Elon Musk’s SpaceX is reportedly preparing another insider share sale that would value the rocket and satellite company at roughly $800 billion, a move that would more than double its last reported valuation and likely restore its status as the world’s most valuable private company.

According to multiple reports citing people familiar with the talks, SpaceX Chief Financial Officer Bret Johnsen has informed investors in recent days that the company plans a new secondary share sale—a tender offer in which existing shareholders, such as employees and early backers, sell stock to outside investors. SpaceX itself has not publicly commented.

If completed at the mooted price, the deal would mark a dramatic jump from SpaceX’s roughly $400 billion valuation in a similar insider sale earlier this year and would put the company ahead of OpenAI, which was valued at about $500 billion in an employee share sale in October.


What This New SpaceX Share Sale Actually Is

Crucially, the proposed transaction is not a traditional venture funding round in which SpaceX issues new stock to raise fresh capital. Instead, it is described as a secondary share sale (also called a tender offer), where outside investors buy existing shares from insiders.
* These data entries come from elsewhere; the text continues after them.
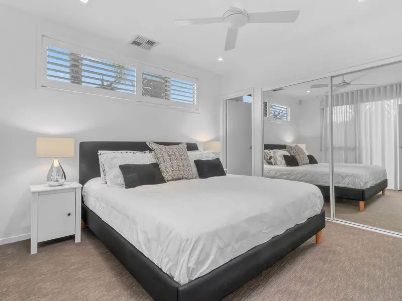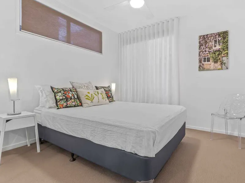 This stunning freehold home combines contemporary design, functionality, and an ideal Bulimba location, offering the perfect low-maintenance lifestyle. All three bedrooms are located on the ground floor, two of which open directly onto a private landscaped garden, ideal for relaxing or entertaining. The ground floor also includes a double garage with storage, laundry room, study nook, and the main bathroom.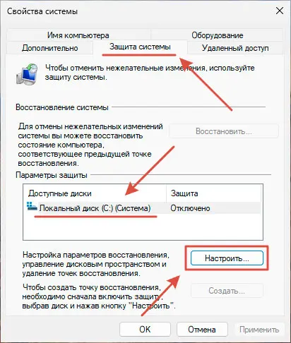– Выберите диск и нажмите «Настроить» -> «Включить защиту системы».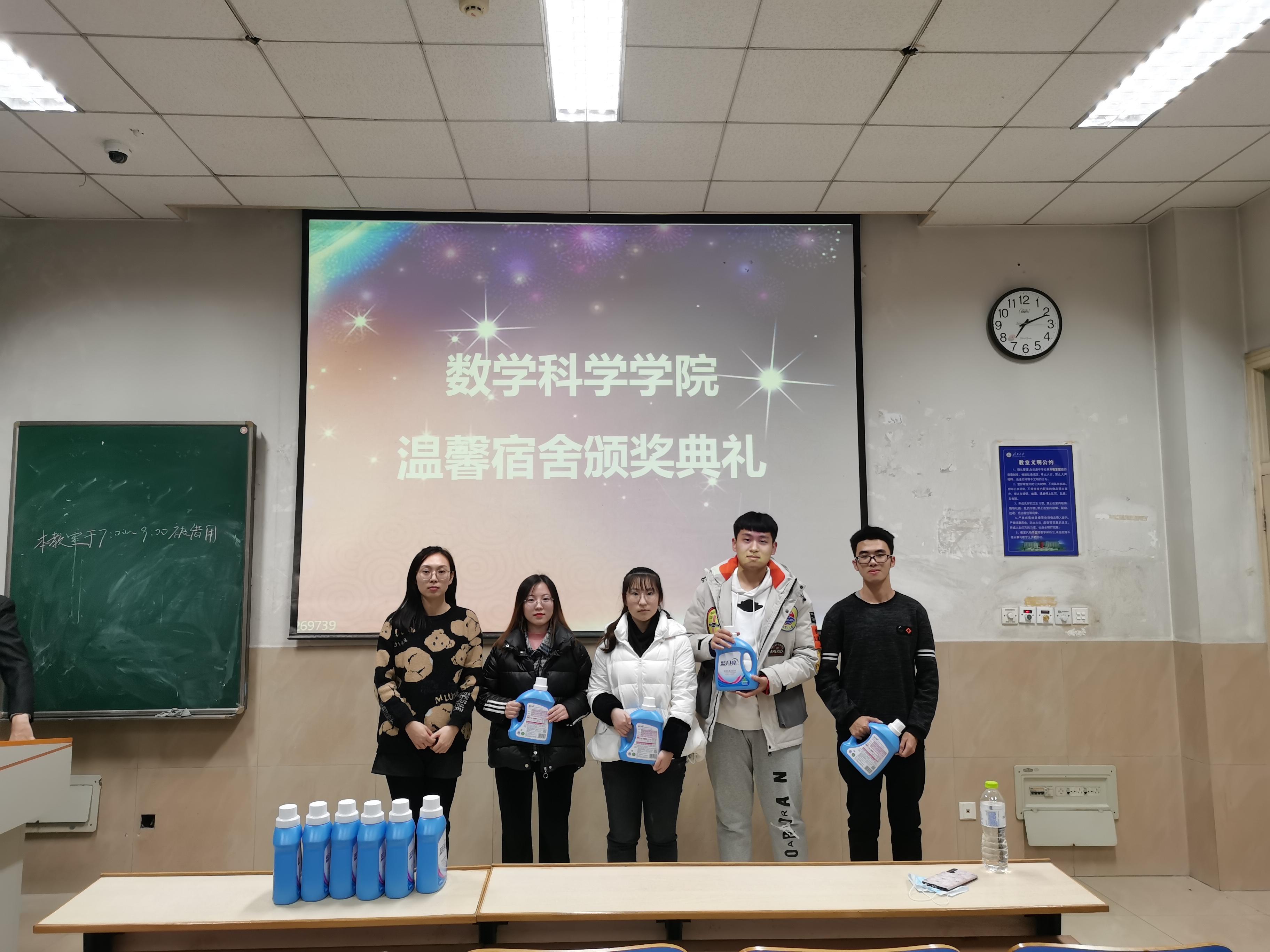 大会开始前,社管部的工作人员提前布置好现场,并准备好了奖状及礼品。随后,各宿舍代表有序签到。晚上七点,大会准时开始,主持人依次宣布了一等奖、二等奖、三等奖的获奖宿舍名单,全场响起热烈的掌声。紧接着,获奖宿舍代表在主持人的引领下上台领奖,并合影留念。他们表示他们会再接再厉并坚决维持好宿舍卫生。房琳琳老师首先肯定了这次温馨宿舍评选中每个同学的努力成果,并在对这次评选的总结时说:寒假即将来临,为了避免宿舍中虫害滋生现象出现,让同学们生活的更加舒适温暖,一定要保持宿舍整洁。宿舍代表纷纷表示赞同,并表示愿意督促其他同学一起维护好宿舍卫生。此次颁奖活动在各人员的配合下圆满结束。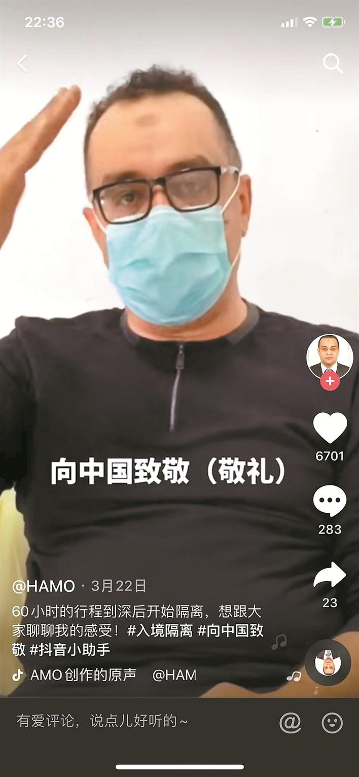 而在另一邊,方哈默也自愿當(dāng)起了中國防疫宣傳大使,他用短視頻在抖音記錄了中國抗疫暖心舉措,向國內(nèi)外宣傳羅湖各項(xiàng)防疫措施,截至目前,他在抖音已收獲了2.4萬的點(diǎn)贊量。網(wǎng)友們紛紛留下了暖心的鼓勵“謝謝你的理解”“歡迎你來到中國”?!拔蚁壬莻€(gè)比較開朗的人,也很喜歡中國的生活環(huán)境,喜歡中國人,我們周圍的鄰居、朋友對我們很好,沒有因?yàn)楝F(xiàn)在的疫情就歧視外國人或不敢靠近。所以他的心態(tài)一直都不錯(cuò)?!狈焦奶嬖V記者,其實(shí),對于她的丈夫來說,中國已經(jīng)是他的第二個(gè)家鄉(xiāng)。在疫情發(fā)生以來,他一直孜孜不倦地向所有朋友分享著中國政府在此次疫情中所做的努力和貢獻(xiàn)。
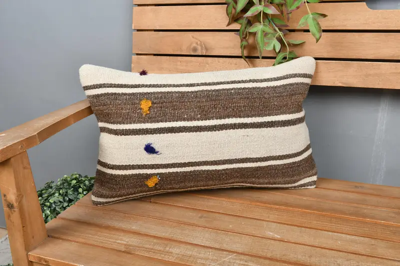 Beige & braun gestreiftes Wurfkissen, besticktes Leinenkissen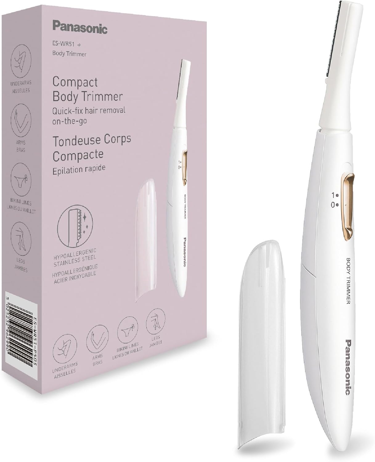 Panasonic ES-WR51 kompakter Body-Trimmer, Bikini-Trimmer, Haarentferner für Frauen, Damenrasierer, trocken, Batteriebetrieben, Epilierer, Körpertrimmer, Reinigungsbürste, Geschenk, Weiß | قیمت یورویی 19.98€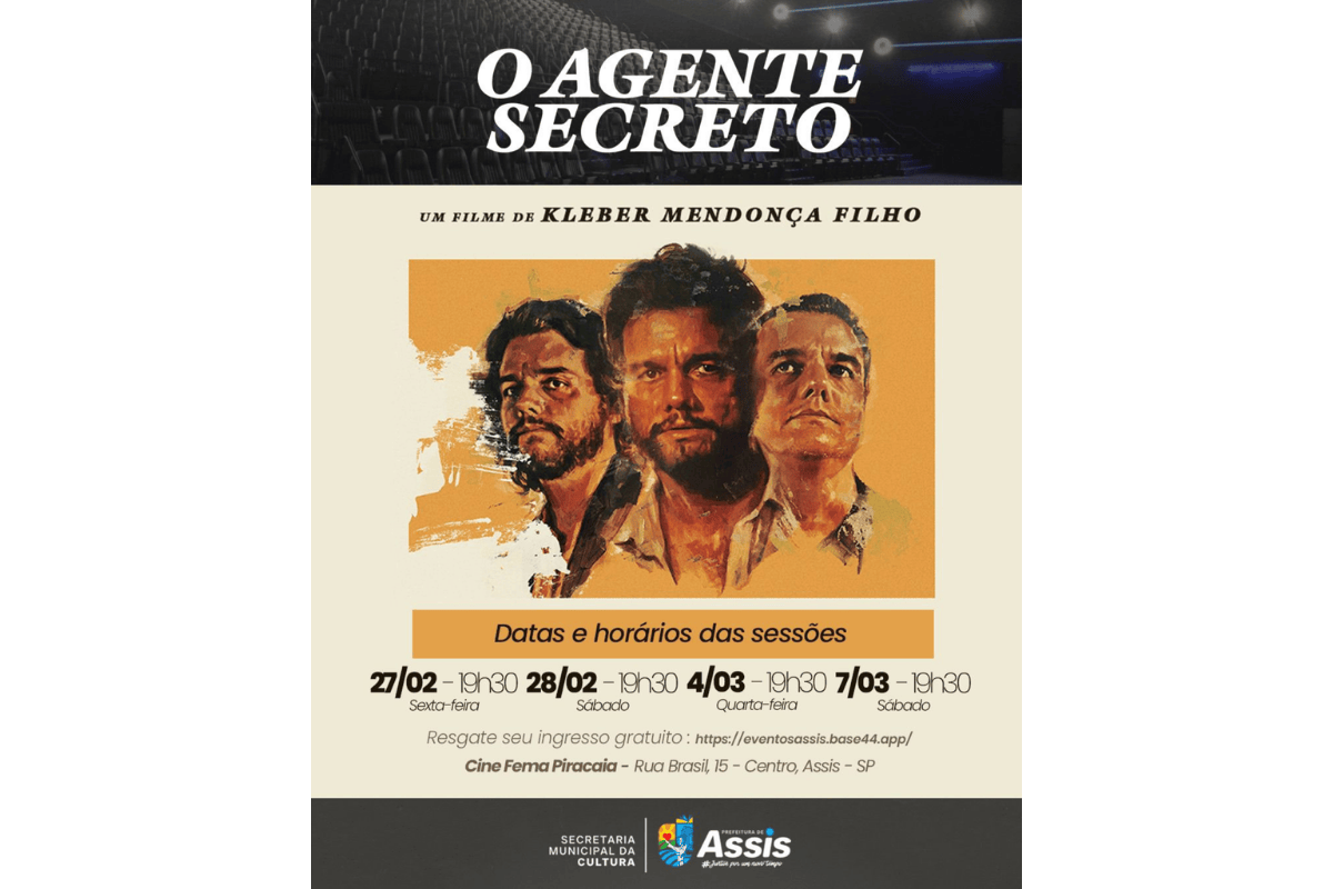 O filme “O Agente Secreto”, dirigido por Kleber Mendonça Filho, terá exibição gratuita em Assis a partir do dia 27 de fevereiro, sexta-feira, no Cine Fema Piracaia. As sessões acontecem às 19h30, com ingressos disponibilizados previamente pela internet devido à capacidade limitada da sala.

Tender offers have become a hallmark of SpaceX’s capital strategy. Over the last several years, the company has repeatedly used these insider sales to:

  • Give employees and early investors a way to cash out without an initial public offering (IPO).
  • Refresh the company’s implied valuation based on private-market demand.
  • Avoid the regulatory scrutiny and quarterly reporting that come with being public.

In a 2024 tender-offer cycle, Elon Musk emphasized that SpaceX had “no need for additional capital” and was even buying back shares, underscoring that these deals are primarily about liquidity and price discovery, not plugging a funding gap.Reuters

This latest deal appears to follow the same playbook. Reports so far suggest:

  • Counterparties: Primarily existing institutional investors and select new backers.
  • Use of proceeds: Cash goes to selling shareholders, not to SpaceX’s balance sheet.
  • Status: Discussions are ongoing; terms and final valuation could still change before a formal tender launch.

From $210 Billion to a Potential $800 Billion: SpaceX’s Valuation Lift-Off

Even by Silicon Valley standards, SpaceX’s valuation trajectory over the past two years has been extraordinary. Private-market deals and tender offers reported since 2023 show a steep climb:

  • Mid‑2024: An internal tender reportedly valued SpaceX at around $210 billion at a share price near $112.
  • Late 2024: Media reports described discussions for a share sale at roughly $255 billion.
  • December 2024: A large tender offer at $185 per share implied a valuation of about $350 billion, at the time making SpaceX the world’s most valuable startup.
  • July 2025: Another insider sale at roughly $212 per share pushed the valuation to around $400 billion.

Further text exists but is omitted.